* Supplied data
---
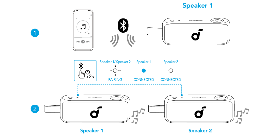 Två identiska soundcore-högtalare kan para ihop med varandra för stereoljud. Då spelar varje högtalare upp en av ljudkanalerna (den ena spelar upp ljudet i vänster kanal och den andra spelar upp ljudet i höger kanal).
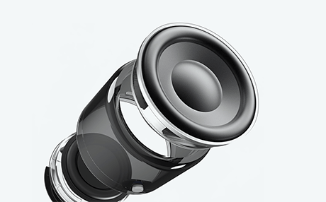 振動で低音を増幅し、サイズを超えた迫力あるサウンドを実現。
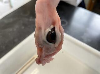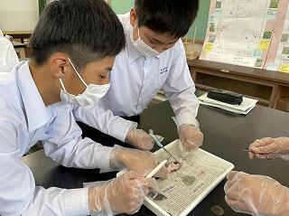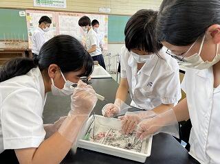 6月14日(火)4校時の理科の授業で、豚の眼球を使った解剖実験が行われました。外観の様子を観察した後、解剖してレンズ(水晶体)を取り出し、網膜や視神経の様子を観察しました。その他にも肺や心臓、小腸、肝臓、腎臓も本物の臓器を手で触って観察を行いました。
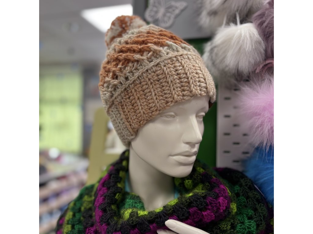 Ručně háčkovaná čepice z naší dílny Pohoda na háčku v Táboře z kvalitní příze s obsahem vlny je ta správná volba!
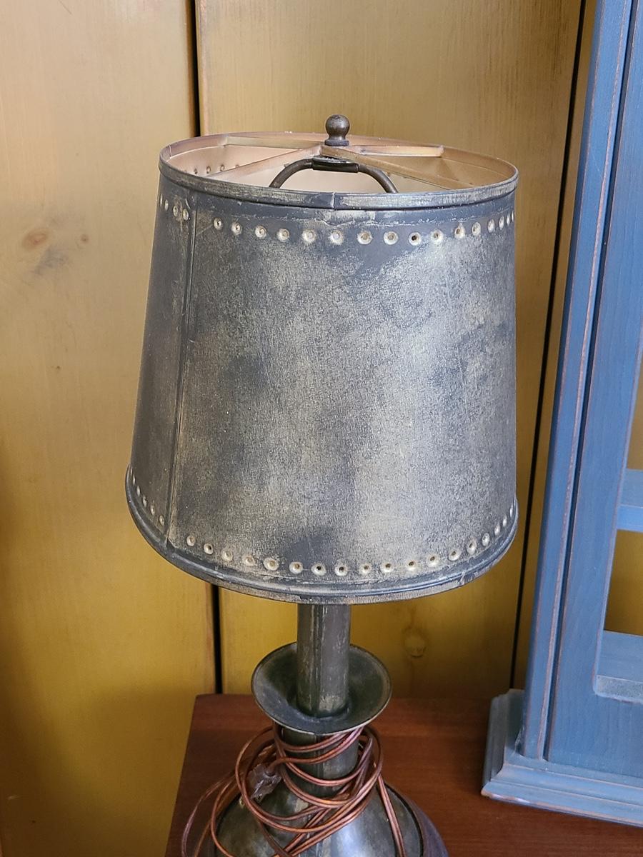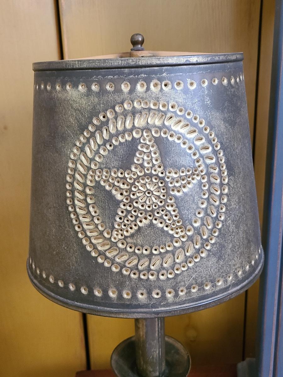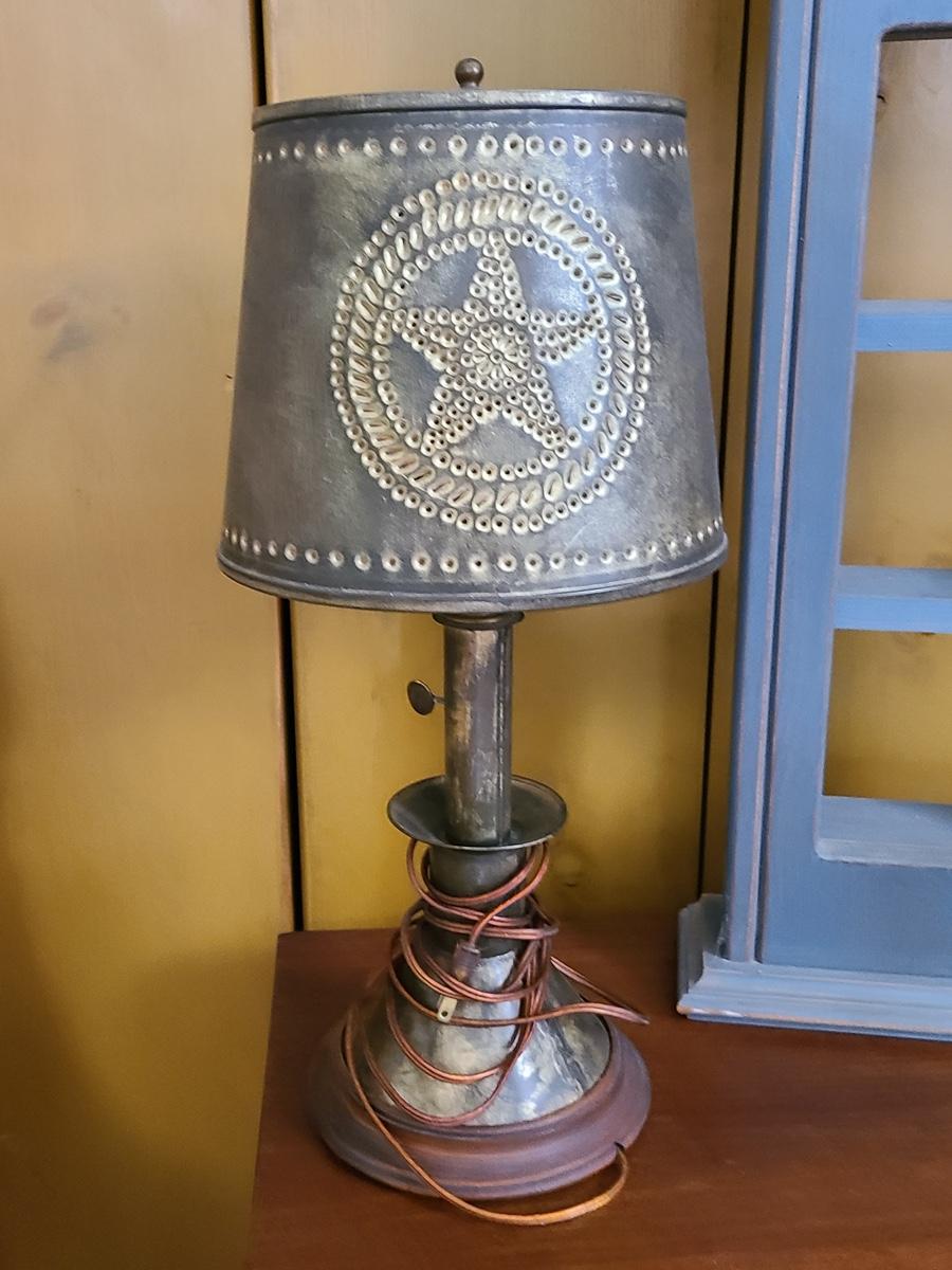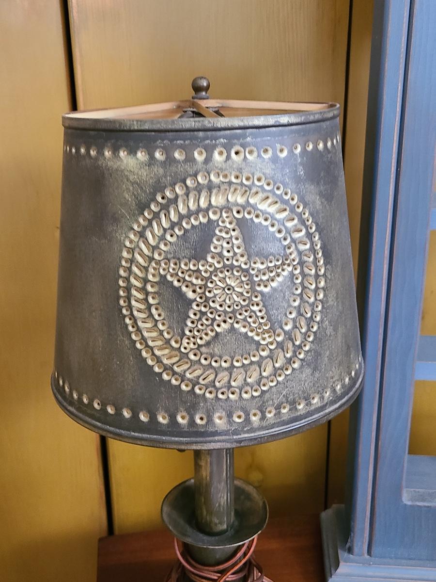 Battery Operated Clock 34"" tall with shelves. Primitive Punched Tin Star Lamp 19". Please see all pictures as they are the best representation of the items. The pictures show condition, measurements if taken, and what is included in the lot. Due to the large amount that we photograph and the time frame, we are not always able to take measurements. All items unless noted, are pre-owned and have been used. If you purchased furniture, you must bring help. We do not allow one person to carry large furniture out on their own. Bring help, tools and a truck for the safety of our client’s homes, and your personal safety. Company policy. Thank you.
---
* Activity
The lines to be quoted run from the line containing "Ručně háčkovaná čepice" through the end of the entries above, both included; quote them exactly and leave out any pictures.

* Output of the task
 Ručně háčkovaná čepice z naší dílny Pohoda na háčku v Táboře z kvalitní příze s obsahem vlny je ta správná volba!
 Battery Operated Clock 34"" tall with shelves. Primitive Punched Tin Star Lamp 19". Please see all pictures as they are the best representation of the items. The pictures show condition, measurements if taken, and what is included in the lot. Due to the large amount that we photograph and the time frame, we are not always able to take measurements. All items unless noted, are pre-owned and have been used. If you purchased furniture, you must bring help. We do not allow one person to carry large furniture out on their own. Bring help, tools and a truck for the safety of our client’s homes, and your personal safety. Company policy. Thank you.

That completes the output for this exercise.